[[ Dataset excerpt open ]]

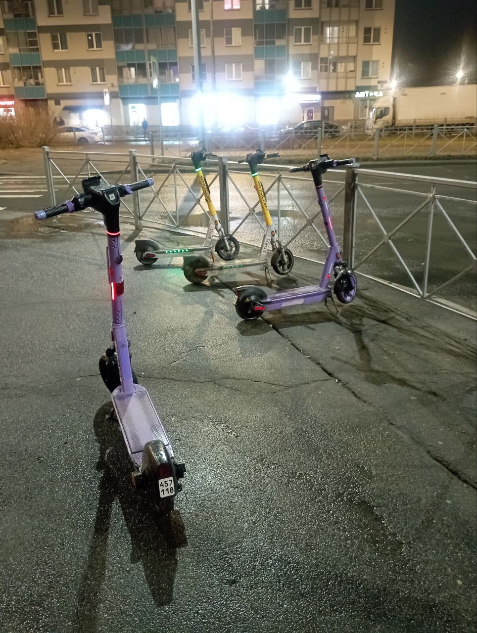 Электросамокаты появились на парковке в ЖК "Новая Охта" (Красногвардейский район Петербурга), сообщает корреспондент "ДП".
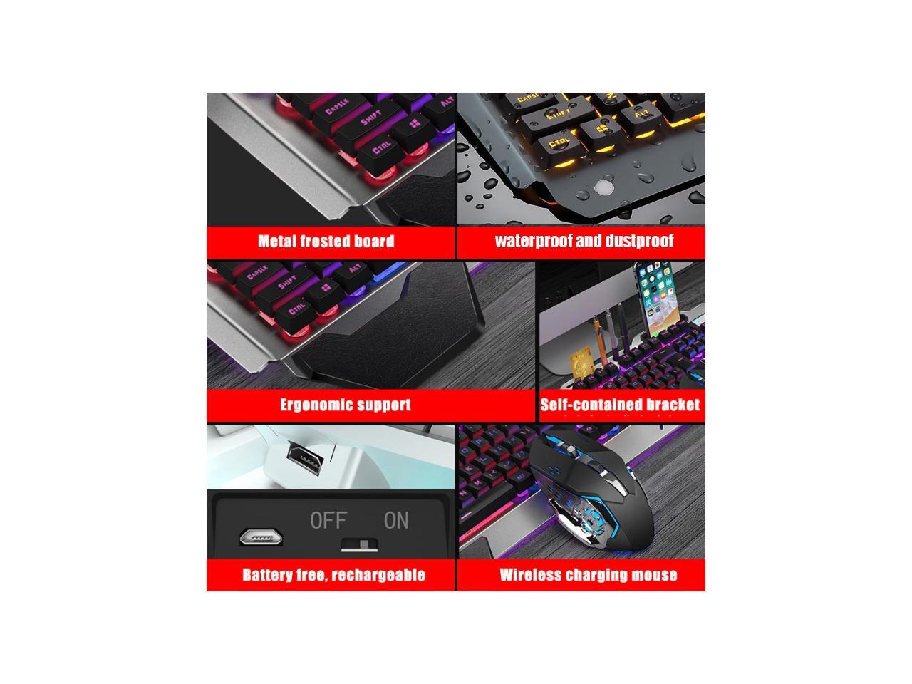 Wireless Gaming Keyboard Mouse and Bluetooth Headset Kit, Rainbow Backlit Rechargeable Ergonomic Metal Mechanical Feel Keyboard with Removable Palm Rest for Laptop PC Gamer
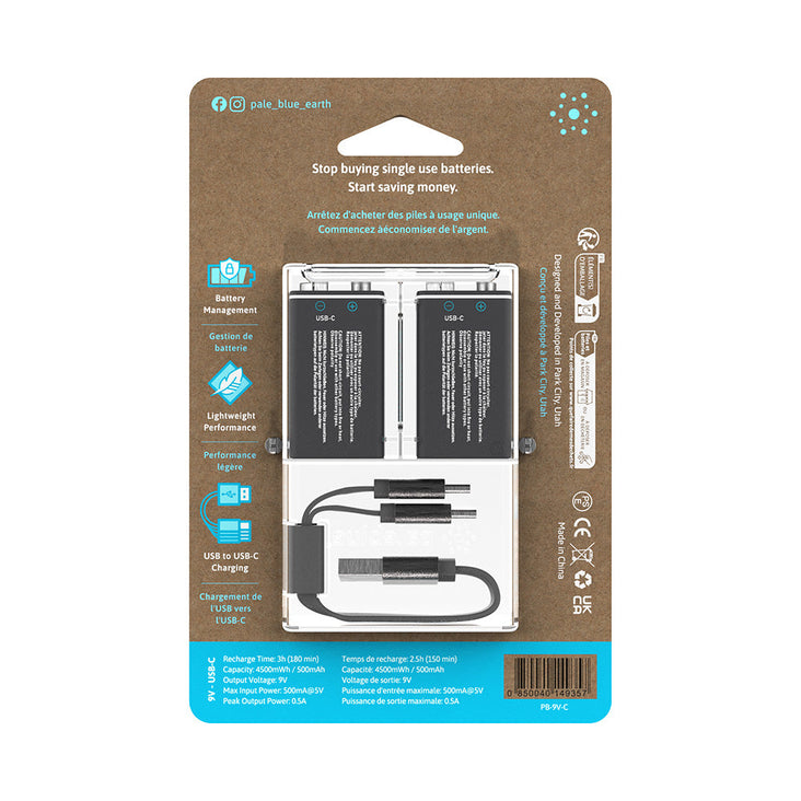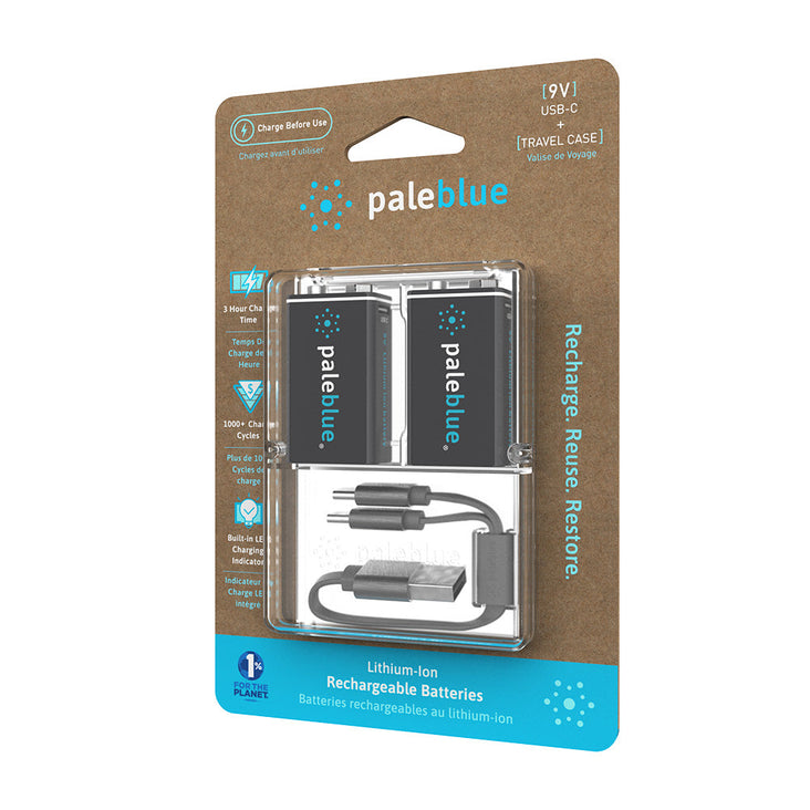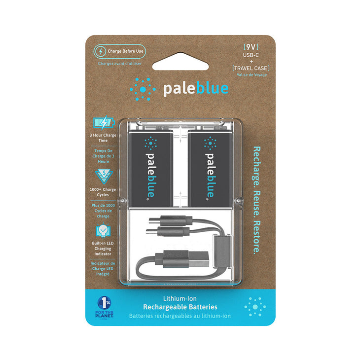 PaleBlue 9V Lithium Ion USB-C Rechargeable Batteries (2 Pack)
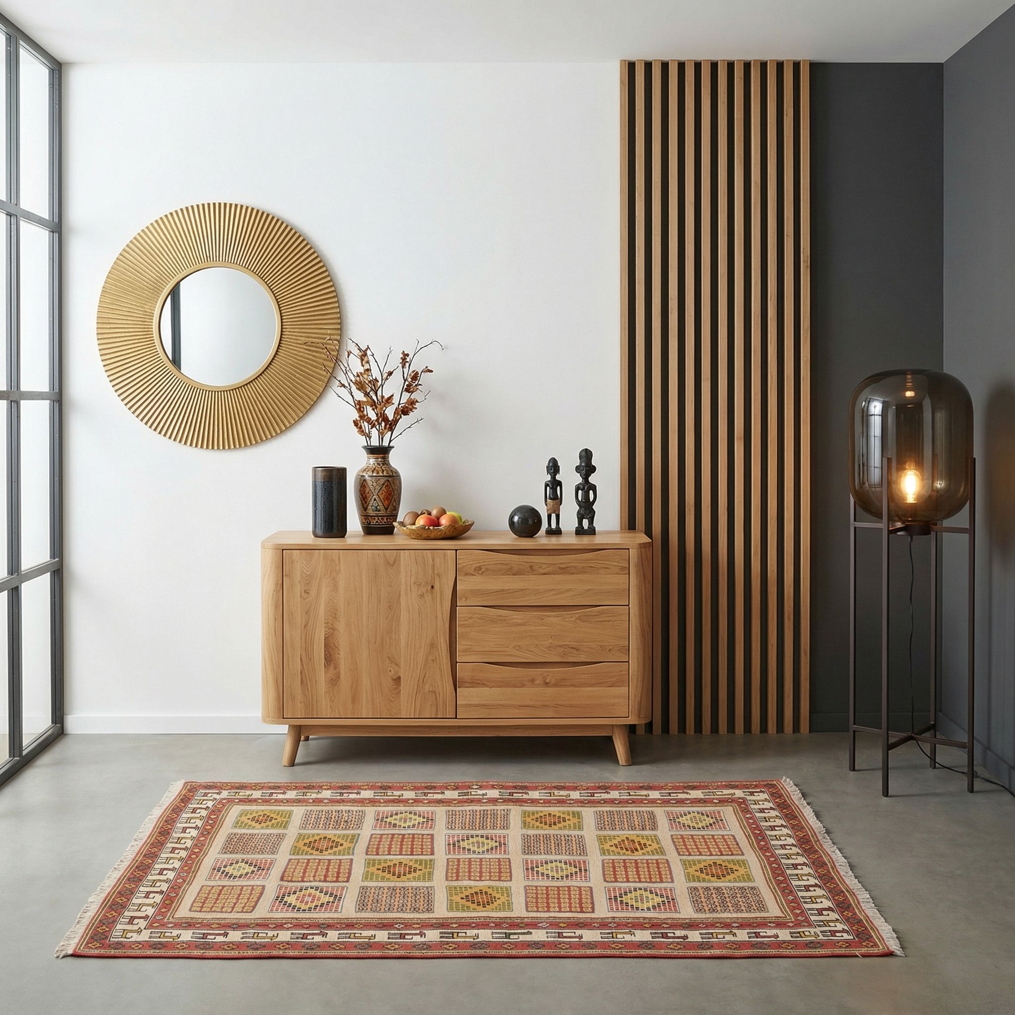 Dieser robuste Sumack-Kelim bildet einen spannenden Kontrapunkt zu den kühlen Materialien wie Beton, Stahl und unverputztem Mauerwerk, die den Industrial-Style prägen. Die kräftigen Farben und die filigrane Handwerkskunst durchbrechen die raue Loft-Ästhetik und schaffen eine wohnliche Insel inmitten der urbanen Coolness. Dank seiner außergewöhnlichen Strapazierfähigkeit hält der Teppich auch der Nutzung in offenen, belebten Wohnbereichen stand und unterstreicht den Werkstatt-Charakter durch seine sichtbare, ehrliche Machart. Er verbindet rauen Industrie-Charme mit der Wärme traditioneller Nomadenkunst zu einem einzigartigen Wohngefühl.

[[ Dataset excerpt closed ]]

— Your assignment —
Leaving all pictures out, output exactly the lines of the material above from the line with "Wireless Gaming Keyboard" to the line with "PaleBlue 9V Lithium", both included.

— Answer space —
 Wireless Gaming Keyboard Mouse and Bluetooth Headset Kit, Rainbow Backlit Rechargeable Ergonomic Metal Mechanical Feel Keyboard with Removable Palm Rest for Laptop PC Gamer
 PaleBlue 9V Lithium Ion USB-C Rechargeable Batteries (2 Pack)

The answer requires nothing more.